Орудиями внутреннего порядка были не регулярные войска, а бригады верных добровольцев, известные как Добровольческий корпус – Фрайкорпс. Бывший учитель Дёница, фон Лёвенфельд, создал одну из них в Киле, и в июле, когда Дёниц прибыл домой, эта бригада уже завоевала себе жуткую славу быстрыми и безжалостными расправами над коммунистами, забастовщиками, мародерами и бунтовщиками. Другие офицеры, шокированные всеми происшествиями и падением всяческой дисциплины в армии, подали в отставку; гораздо большее их число размышляло, смогут ли они вообще служить социалистической республике. Но на самых высоких уровнях решение о том, что офицерский корпус останется в строю и будет служить новому государству, было уже принято, хотя его исполнение все еще затягивалось. Тирпиц, например, пророчил новому режиму срок от одного до двух лет, прежде чем против него начнется мощная реакция.

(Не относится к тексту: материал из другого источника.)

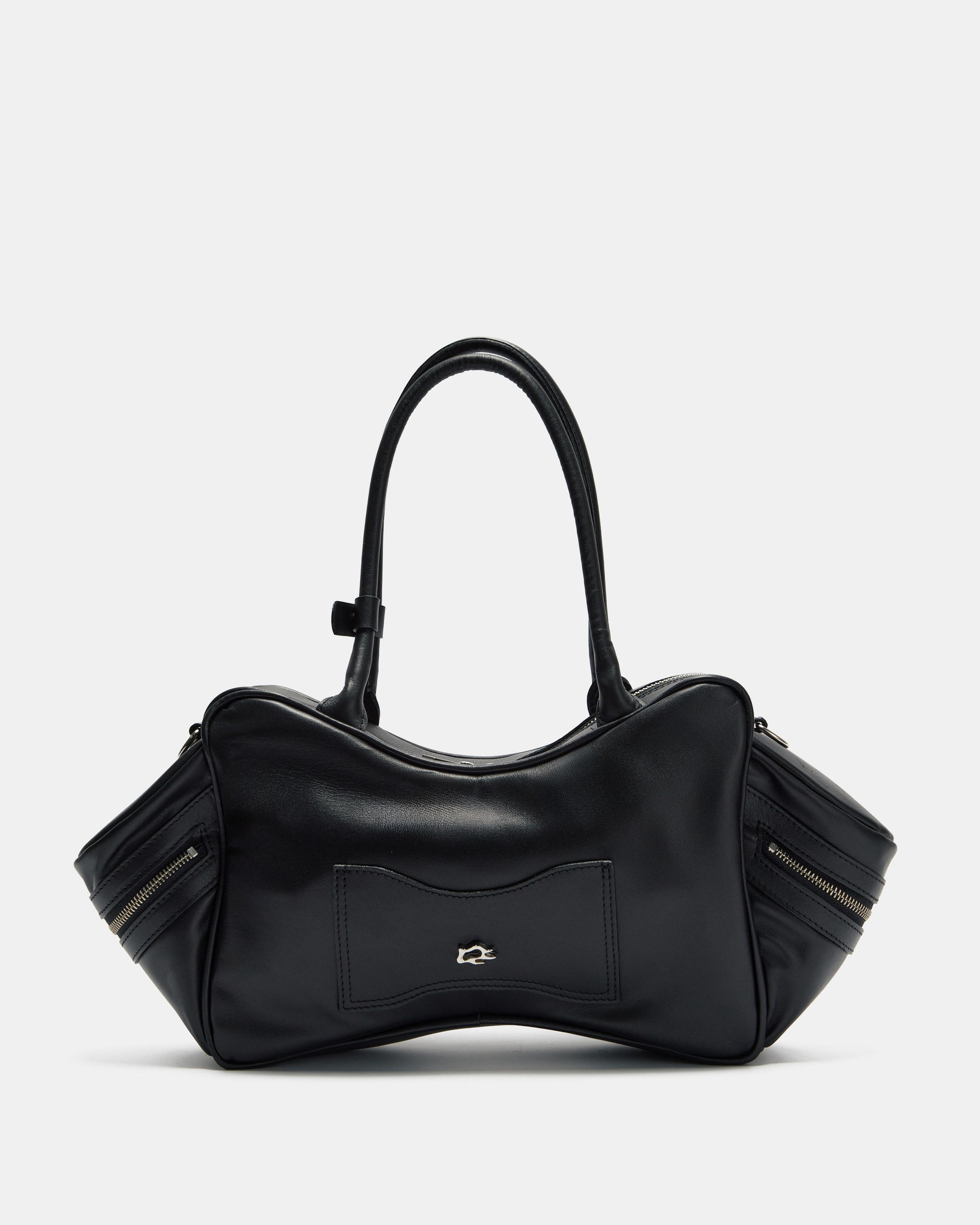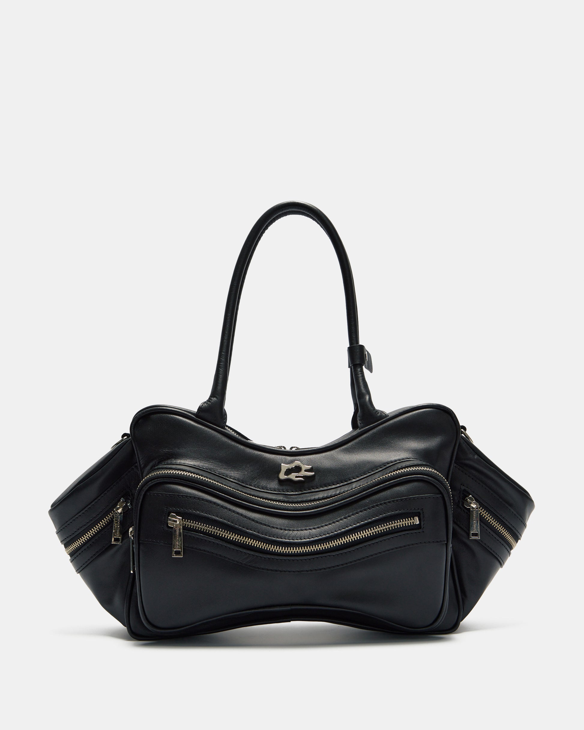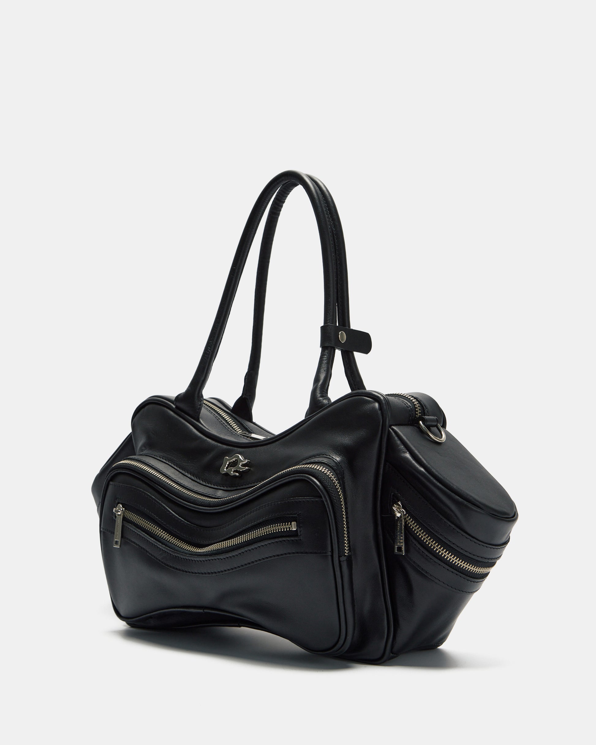 Tool Bag in black cowhide leather. Features multiple zip compartments on the front and sides. Shoulder handles and removable crossbody strap with metal carabiner for adjustment. The interior is lined in 100% black cotton and has a zippered pocket.

Другие полагали, что именно они и будут направлять эту реакцию, устроят переворот и реставрируют монархию.
Эти топтания на месте были определены как «верность немецкому народу», которому после того, как он оправится после его нынешних, временных неудач, потребуется мощный флот для выполнения своей исторической миссии. Ничего не изменилось. Новый глава флота, адмирал Адольф фон Трота, горячий приверженец Тирпица, был одним из ведущих вдохновителей плана послать флот на честную смерть. И 21 июня 1919 года, когда мирный договор должен был быть подписан в Версале, благодаря ему на некоторых судах, бросивших якорь у Скапа-Флоу, ради спасения чести германского флота открыли кингстоны. Теперь он собирался взращивать семена нового флота «так, чтобы, когда придет время, из них выросло мощное дерево». По мирному договору ему оставляли лишь минимум – шесть старых линейных крейсеров, шесть простых крейсеров, двенадцать эсминцев и двенадцать торпедоносцев, при абсолютном запрете на подводные лодки и морскую авиацию; соответственно, его ближайшие устремления могли касаться только работы с личным составом. Необходимо было восстановить дисциплину и гордость, создать ядро верных офицеров, которые смогли бы возглавить флот в будущем. По условиям мирного договора ему позволялось иметь всего 1500 офицеров, так что предстояло отобрать лишь лучших и самых верных.
Такова была ситуация, когда Дёниц прибыл в июле на военно-морскую базу в Киль. Его вызвал к себе начальник отделения личного состава корветтен-капитан Отто Шульце, бывший командующий подводной флотилией в Средиземном море.
«Вы собираетесь остаться с нами, Дёниц?» – спросил Шульце.
«А вы думаете, что у нас снова будут подводные лодки?» «Конечно, я так думаю. Версальский запрет не продлится вечно. Через два года, я надеюсь, у нас снова будут подводные лодки».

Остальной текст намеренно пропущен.